During laparoscopic surgery, abdominopelvic organs may be elevated, retracted, or placed on tension (Fig. 41-4). Most current instrument designs have incorporated safety considerations to minimize organ trauma yet allow effective manipulation. Of these, the blunt probe has an end that is modified to decrease the perforation risk to retracted tissues. It is used for exploration and retraction and is a preferred tool during diagnostic laparoscopy. Most blunt probes are stainless steel and are conductive of electric current. However, disposable probes constructed of nonconductive materials are available.
Graspers are divided into two main categories, atraumatic and those with toothed or serrated tips. Atraumatic graspers are used for exploration, gentle traction, and delicate tissue handing. The 5-mm diameter is a popular size, although 3-mm and 10-mm sizes are available. Most of these graspers have a double-action jaw, and the hand grip is typically nonlocking. Their gradually tapering curved tip permits the surgeon to define and separate tissue planes and is generally preferred for blunt dissection.

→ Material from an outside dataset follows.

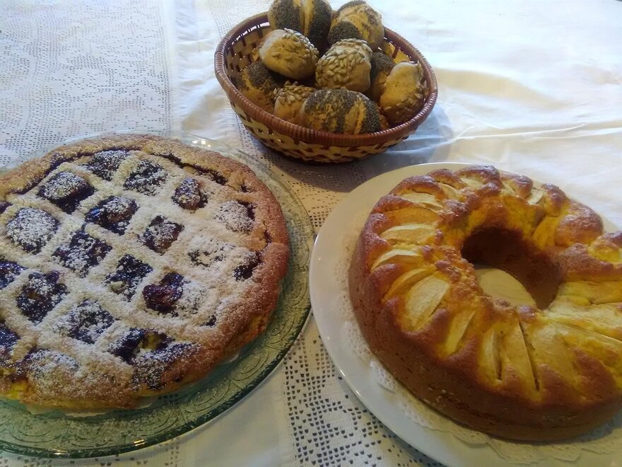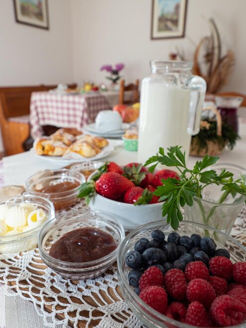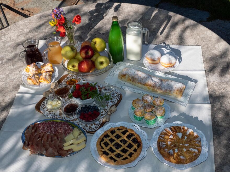 Le colazioni, servite in una sala luminosa e accogliente, sono realizzate quasi esclusivamente con prodotti tipici e naturali ricavati dal lavoro svolto all'interno dell'azienda agricola di famiglia,quali marmellate,mieli,affettati,yogurt,dolci,succhi di mela,lamponi,ciliegie,more.

The Maryland clamp is an example of a curved blunt tip used for dissection and grasping. It compares to the pean, hemostat, or munion, which are used in open surgery. Additionally, it can double as a needle driver if needed. Although technically considered atraumatic, this clamp may crush delicate tissues such as the fallopian tube or bowel.
The alligator clamp is a blunt grasper with a long, wide tip that handles delicate tissues with minimal crush-injury risk. It is useful for manipulating bowel, larger vessels, or reproductive organs or for exploration of vascular compartments that may be easily punctured or lacerated. However, its ability to retract tissues under tension is limited due to its atraumatic characteristics.

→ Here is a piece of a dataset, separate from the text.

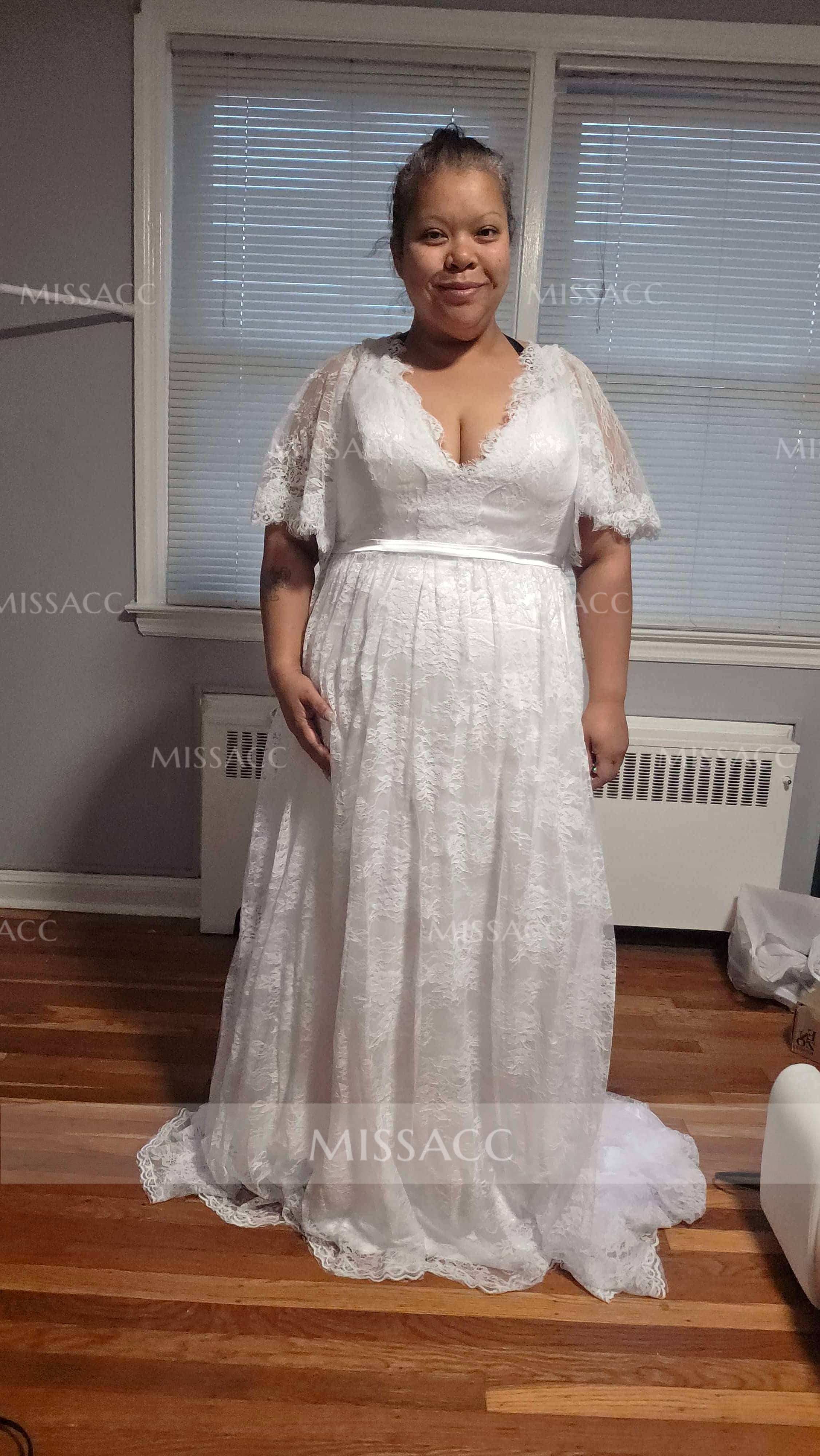 A-line V-neck lace tulle wedding dress, featuring a sweep train and sleeveless design for a chic bridal look. Perfect for a romantic wedding ceremony.

The Babcock clamp is another atraumatic tip that handles delicate tissues with minimal crushing. Its surgical role is similar to that in open techniques. However, as with the alligator clamp, its ability to retract or grasp during applied tension is poor due to slippage.
Ideally, all of these clamps are included in a general laparoscopic surgical tray for most laparoscopic procedures. Figure 41-4 shows additional tips with similar characteristics. As seen, some tips have window openings and are described as fenestrated. These are useful for tissue elevation or retraction or for passing sutures during vessel ligation.

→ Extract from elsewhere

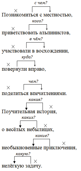 Обозначьте смысловые связи между главным и зависимым словами словосочетания.

Graspers with tips that are serrated or toothed are used in procedures that involve resection and tissue approximation (Fig. 41-5). Generally, such tissues are placed on tension, and a strong hold is required. In addition, a locking hand grip is typically preferred to keep grasped tissues secured. Most of these instruments have double-action jaws to allow a wide tissue purchase. In situations in which greater grip and tension strength is required, however, a tip with a single-action jaw and locking hand grip may be preferred.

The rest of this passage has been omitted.